[ACTIVITY] An exact retyping of all lines below is the answer; pictures do not belong in it.

[RECORDED DATA]

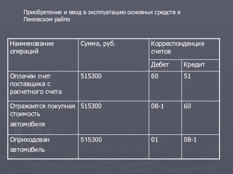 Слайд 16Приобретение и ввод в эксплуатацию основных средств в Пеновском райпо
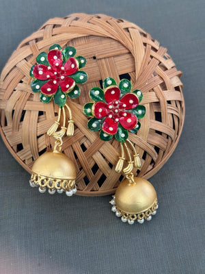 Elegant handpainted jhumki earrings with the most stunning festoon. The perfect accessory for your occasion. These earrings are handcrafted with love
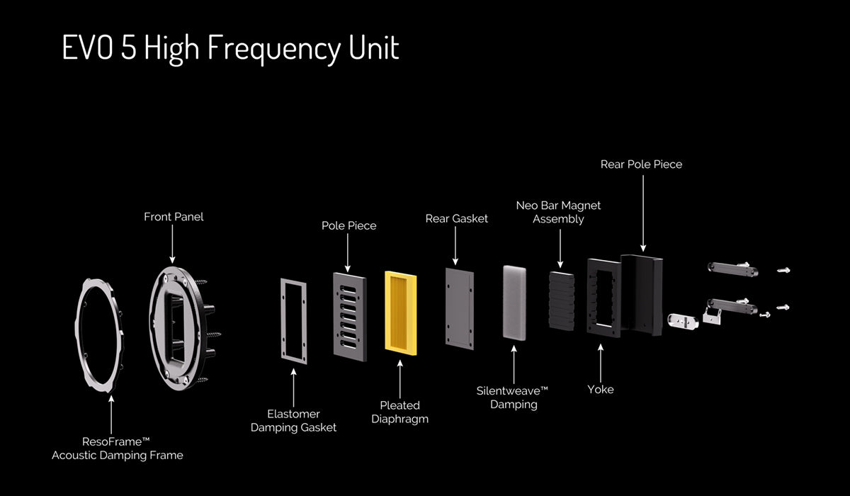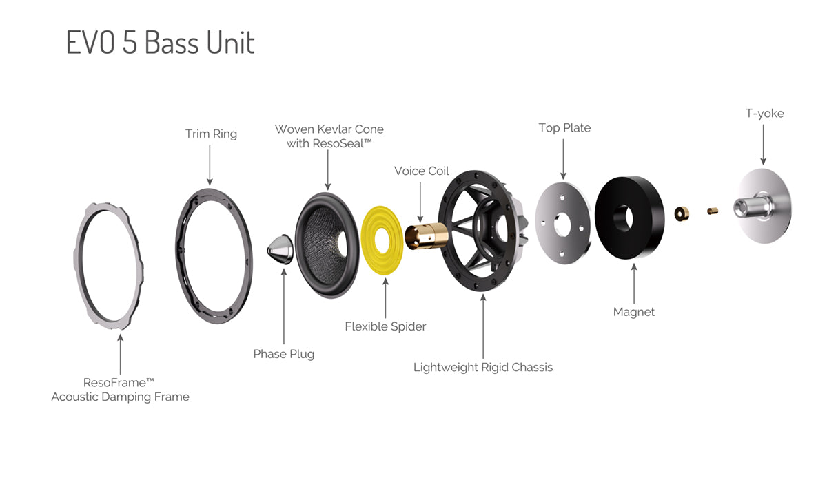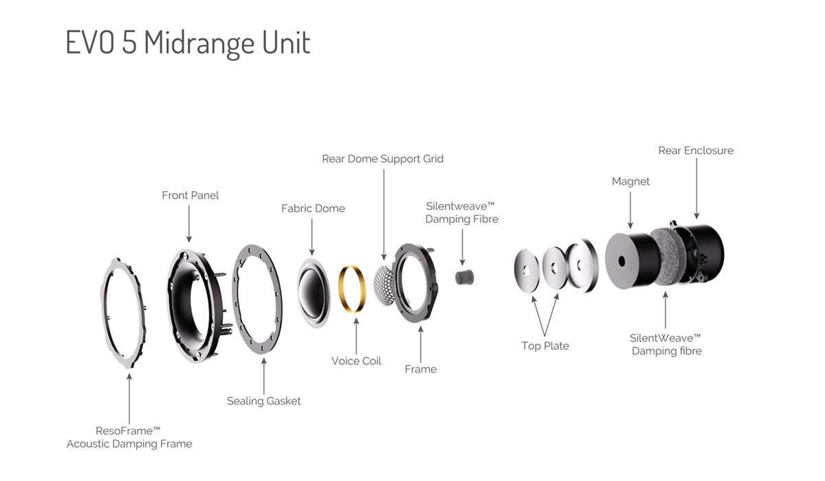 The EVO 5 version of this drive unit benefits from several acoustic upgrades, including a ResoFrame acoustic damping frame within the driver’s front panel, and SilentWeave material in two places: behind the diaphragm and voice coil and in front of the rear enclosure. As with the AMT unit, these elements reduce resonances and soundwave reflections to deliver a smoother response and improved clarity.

[/RECORDED DATA]

[YOUR RESPONSE]
 Слайд 16Приобретение и ввод в эксплуатацию основных средств в Пеновском райпо
 Elegant handpainted jhumki earrings with the most stunning festoon. The perfect accessory for your occasion. These earrings are handcrafted with love
 The EVO 5 version of this drive unit benefits from several acoustic upgrades, including a ResoFrame acoustic damping frame within the driver’s front panel, and SilentWeave material in two places: behind the diaphragm and voice coil and in front of the rear enclosure. As with the AMT unit, these elements reduce resonances and soundwave reflections to deliver a smoother response and improved clarity.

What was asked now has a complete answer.